Task statement: Beginning with the line containing "Listen to short" and ending with the line containing "从结果可以看出,已经成功扫描了 IP 地址为", write out each line of the records below exactly; pictures and lines outside that range are left out.

───── Input records ─────

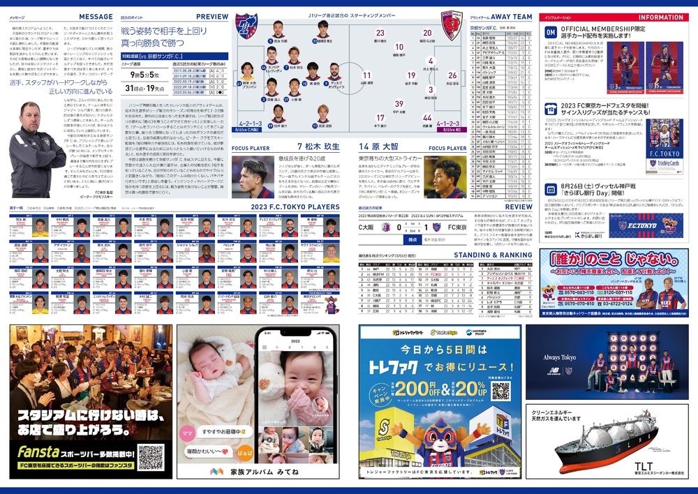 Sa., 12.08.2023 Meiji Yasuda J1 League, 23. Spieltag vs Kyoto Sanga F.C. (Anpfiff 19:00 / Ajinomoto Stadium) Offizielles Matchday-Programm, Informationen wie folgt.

─────
───── Input records ─────

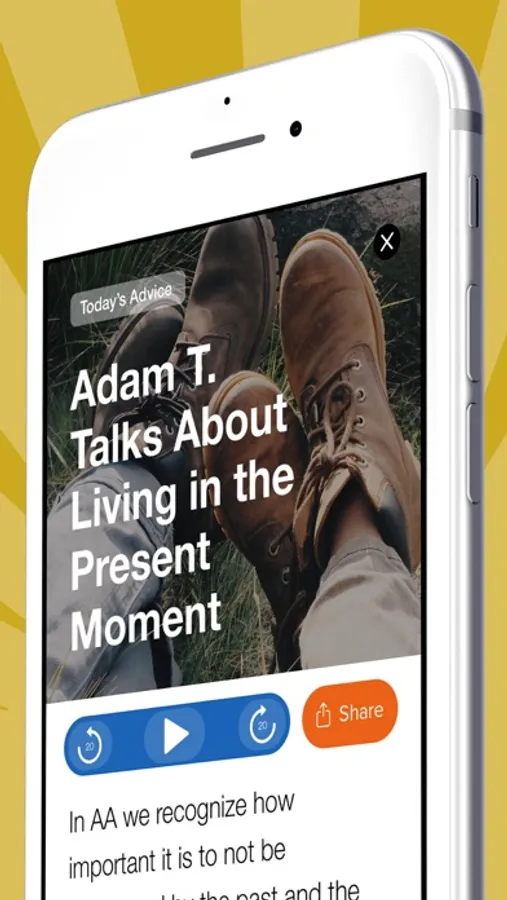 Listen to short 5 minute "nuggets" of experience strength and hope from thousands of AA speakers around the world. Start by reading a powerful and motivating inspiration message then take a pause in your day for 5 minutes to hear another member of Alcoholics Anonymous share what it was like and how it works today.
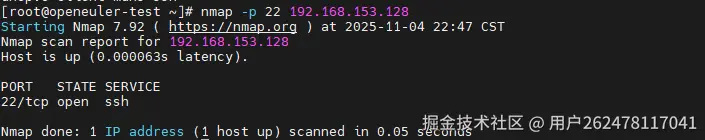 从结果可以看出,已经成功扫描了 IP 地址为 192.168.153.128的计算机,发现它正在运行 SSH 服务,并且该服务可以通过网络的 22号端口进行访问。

─────

Solution to this task:
 Listen to short 5 minute "nuggets" of experience strength and hope from thousands of AA speakers around the world. Start by reading a powerful and motivating inspiration message then take a pause in your day for 5 minutes to hear another member of Alcoholics Anonymous share what it was like and how it works today.
 从结果可以看出,已经成功扫描了 IP 地址为 192.168.153.128的计算机,发现它正在运行 SSH 服务,并且该服务可以通过网络的 22号端口进行访问。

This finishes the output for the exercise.